E a proposito di Coppa d’Inghilterra, Shankly la conquista con il Preston nel 1938, e oggi al Deepdale, lo stadio del club, i seggiolini di una delle due tribune compongono un disegno stilizzato del suo volto, impresso a memoria del grande contributo che lo scozzese diede alla causa. Ma il libro più bello di Bill, è quello che scrive in panchina. Carlisle, Grimsby Town e poi il Workington. Shankly è diverso da tutti gli altri: non è solo colui che indossa la tuta e va in campo ad allenare, ma un tuttofare. Risponde alle lettere dei tifosi, gestisce anche la contabilità del club. Quando passa all’Huddersfield, vedendo che un suo giocatore non era in grado, lo invita nel suo ufficio il giorno dopo. “Non posso metterti in prima squadra, ma passa da me domani, ti troverò un lavoro”. Socialismo e pallone, il rispetto per il pubblico, l’unità tra esso, la squadra e il club, verso un obiettivo comune. La considerazione per i più deboli, l’umanità senza fine di un personaggio meraviglioso e unico.

Nel 1959, a dicembre, lo chiama il Liverpool e nulla sarà più come prima. Scordatevi il Liverpool odierno: Melwood, il centro sportivo, è mal curato e ha l’erba alta, la squadra dopo il titolo del 1947 è finita in seconda divisione e appena arrivato cambia quasi tutti i giocatori azzerando il club. Un carisma infinito, un carattere straordinario, soprattutto coi suoi dirigenti. Se mancavano i soldi per acquistare un giocatore, lui rispondeva: “Non è che vi mancano i soldi, a voi manca l’ambizione”. E’ l’inizio di una storia d’amore che ancora oggi resta indissolubile nella storia del Liverpool: riporta il club in prima divisione, gli fa vincere il titolo inglese dopo tanti anni di digiuno nel 1963, e nel 1965 conquista anche la FA Cup stavolta dalla panchina, quando il Liverpool batte il Leeds 2-1 a Wembley. Durante un giro di campo per festeggiare la conquista della First Division del 1973, un tifoso lancia una sciarpa. Il poliziotto la scosta col piede e un microfono capta la risposta di Shankly: “Non farlo: per te è solo una sciarpa, ma per un tifoso è la vita”

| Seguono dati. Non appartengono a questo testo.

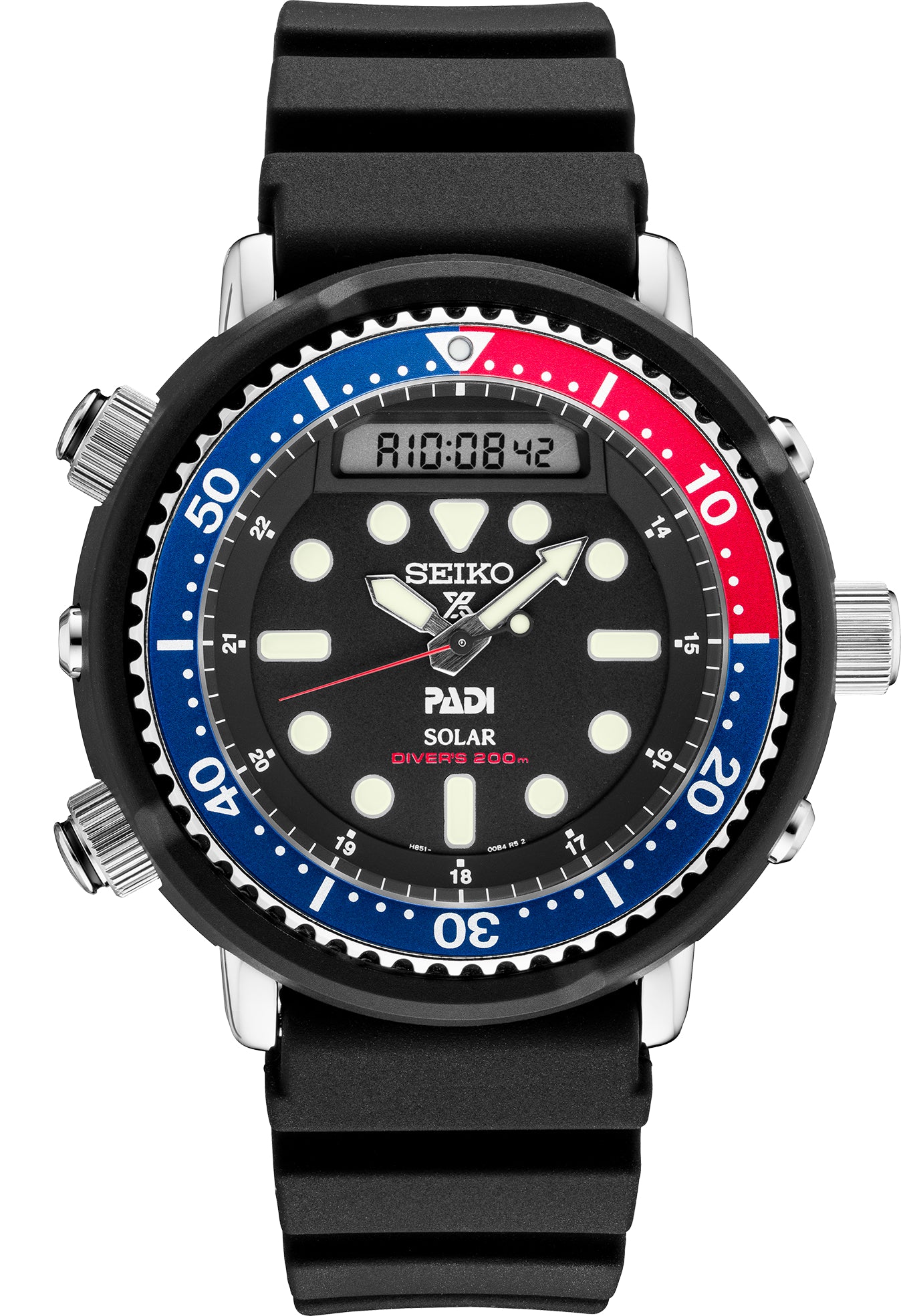 Seiko | SNJ027 Prospex Men's Solar Analog-Digital Silicone Black PADI Special Edition Diver Watch
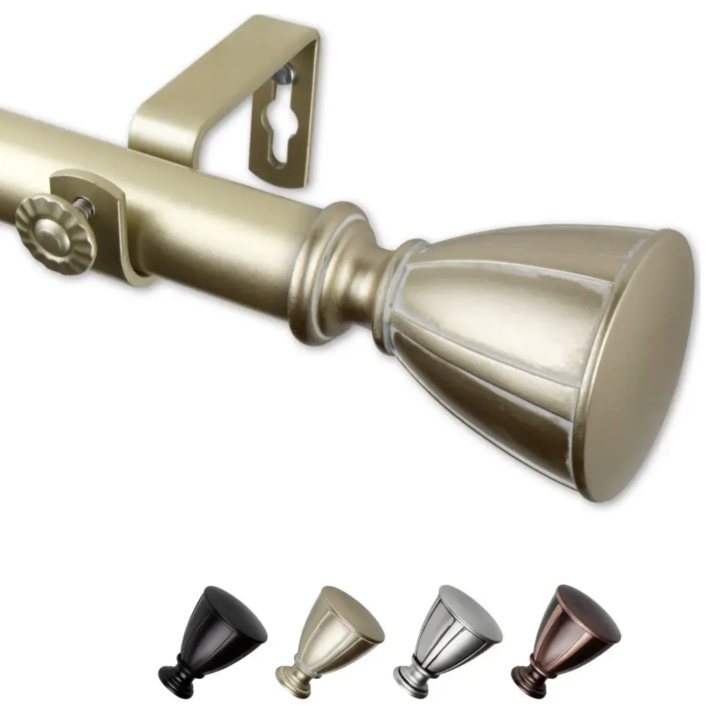 Central Design Products is thrilled to present our top-of-the-line Single Curtain Rods, the ultimate addition to any window treatment. Our high-quality rods are crafted with precision to provide a sleek and modern look to your home decor. Each set includes a single curtain rod, finials, sturdy mounting brackets, and all necessary mounting hardware. The elegant color of our curtain rods adds a touch of sophistication to your space. Upgrade your window treatment with Central Design Products'' Single Curtain Rods today! Includes 1 curtain rod of 1" diameter, finials, mounting brackets, and mounting hardware. Size: 66-120" Projection: 3.625" Rod Diameter: 1" Material: Steel
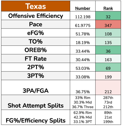 Beyond that, this is a Texas team that has some quality shooters but no lights-out shooter on it. All of Jones, Ramey, Carr, and Mitchell are threats in the mid-range and from deep, but you’re not drawing the Kellan Gradys of the world here. The best and most proven strategy with Texas has been to make them take a lot of jumpers in half-court offense. They’ll hit a decent amount, but it beats letting them get to the rim or the post. As crazy as this sounds, I think I’m fine with the mid-range jumpers. Here’s why:
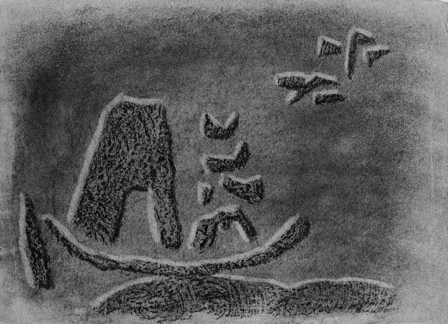 Kohle, gewischt, radiert, Ölkreide in Schwarz, fixiert, auf türkisgrünem Ingres-Bütten mit Wz. u. Mitte: Marghueriten-Blüte (angeschnitten)
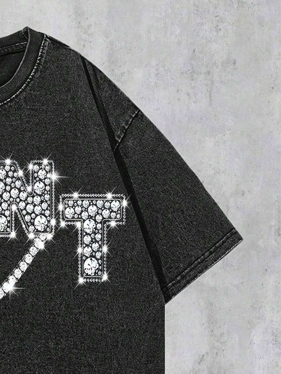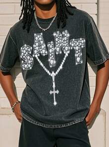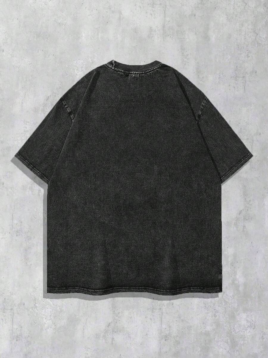 Grunge Punk Camiseta de verano casual gótica para hombres con estampado de letras y lavado ácido
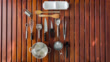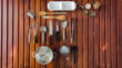 Stop motion timelapse of important kitchen utensils and cooking items displayed in a neat overhead/flat lay manner on a wooden table.
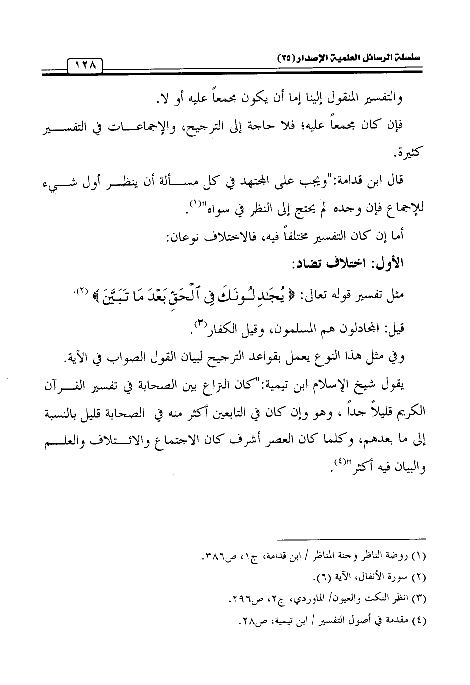 (¬4) مقدمة في أصول التفسير / ابن تيمية، ص 28.
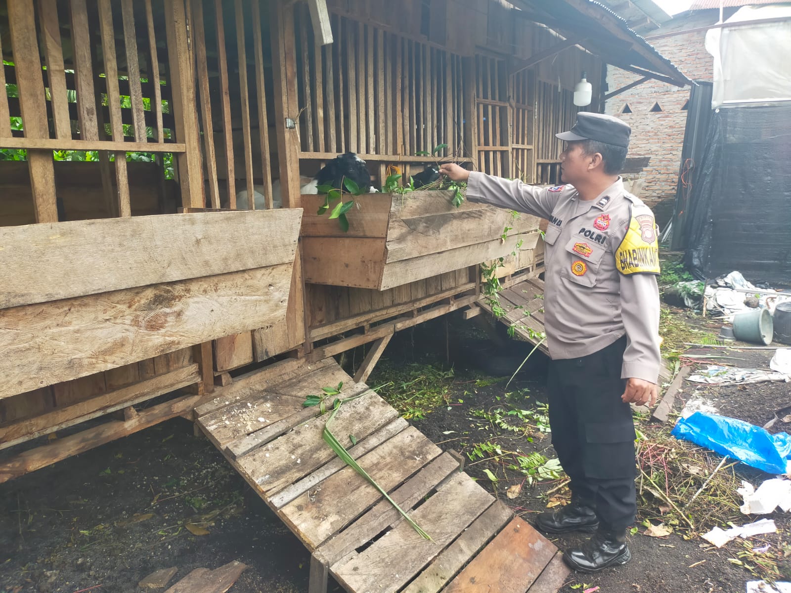 Dalam kegiatan tersebut, Bhabinkamtibmas AIPTU IRWAN ROCHMAN A melakukan pengecekan terhadap pekarangan milik warga bernama Bapak imam yang membudidayakan pertenakan kambing.
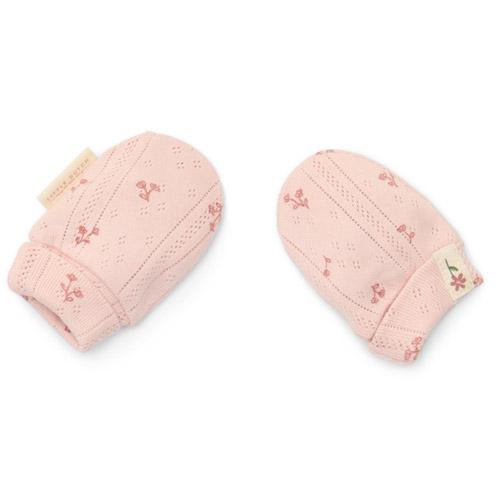 Crafted from soft organic cotton and adorned with a delicate pointelle structure and petite flower print, these mittens offer both style and practicality.

Nel 1973 arriverà anche l’alloro europeo, la Coppa Uefa, seppur la Coppa dei Campioni sarà appannaggio dei suoi successori. Ma non sono tanto i trofei, ripetiamo, a raccontare il personaggio. Ad Anfield, la stanza degli scarpini diventa la “boot room”, una saletta riconvertita a luogo nel quale si stappa una bottiglia e si prendono decisioni da parte di tutto lo staff. I membri sono in pratica quarant’anni di Liverpool: Shankly, Paisley, Fagan e anche Ronnie Moran, uno che al Liverpool resterà per 49 anni in tutte le vesti, compresa quella del fisioterapista. Quando un giocatore si lamentava del proprio infortunio alla gamba, Shankly non gliele mandava a dire: “Non è la tua gamba, è la gamba del Liverpool FC!”, e voleva che il club desse gioia ai tifosi, che faticavano tutta la settimana e nel week-end volevano divertirsi in leggerezza. Un giorno, un tifoso del Liverpool Branch di Londra, Christopher Wood, si reca a casa Shankly per farsi autografare la sua biografia. Il nostro lo accoglie in casa, offrendogli del tè e firmando il libro. 

Già, perché nel frattempo, anno 1974, Shankly improvvisamente lascia il club. Vince la Charity Shield contro il Leeds, ultimo suo trofeo, e di tanto in tanto si affaccia ancora dalle parti di Melwood cercando di non disturbare, ma con un fondo consistente di amarezza per il fatto di essere comunque stato tenuto ai margini una volta lasciato. Nel settembre del 1981, pochi mesi dopo la conquista della terza Coppa dei Campioni del Liverpool, un infarto se lo porta via, e a lui verrà dedicato l’anno seguente, alla presenza della moglie, un cancello, lo “Shankly Gate”. O meglio, “il” cancello, quello sormontato dal motto per eccellenza del club, “YOU’LL NEVER WALK ALONE”, che vediamo in molte immagini e riprese dello stadio e della storia del Liverpool. Il Liverpool come lo conosciamo oggi, con la sua dimensione internazionale e la sua caratura, lo dobbiamo a Bill Shankly. Che un giorno, uno di quelli dove la nostalgia per il suo passato era di nuovo dietro l’angolo, si reca ad Anfield per toccarne i muri e sentirne ancora l’odore. Incrocia un bambino che gli parla del padre, grande tifoso dei reds, che vorrebbe una spilla del suo idolo. Shankly si toglie la sua dalla giacca e la porge al ragazzino. “Per ringraziare tuo padre di tutto ciò che ha dato a noi”. C’è un e uno solo Bill Shankly.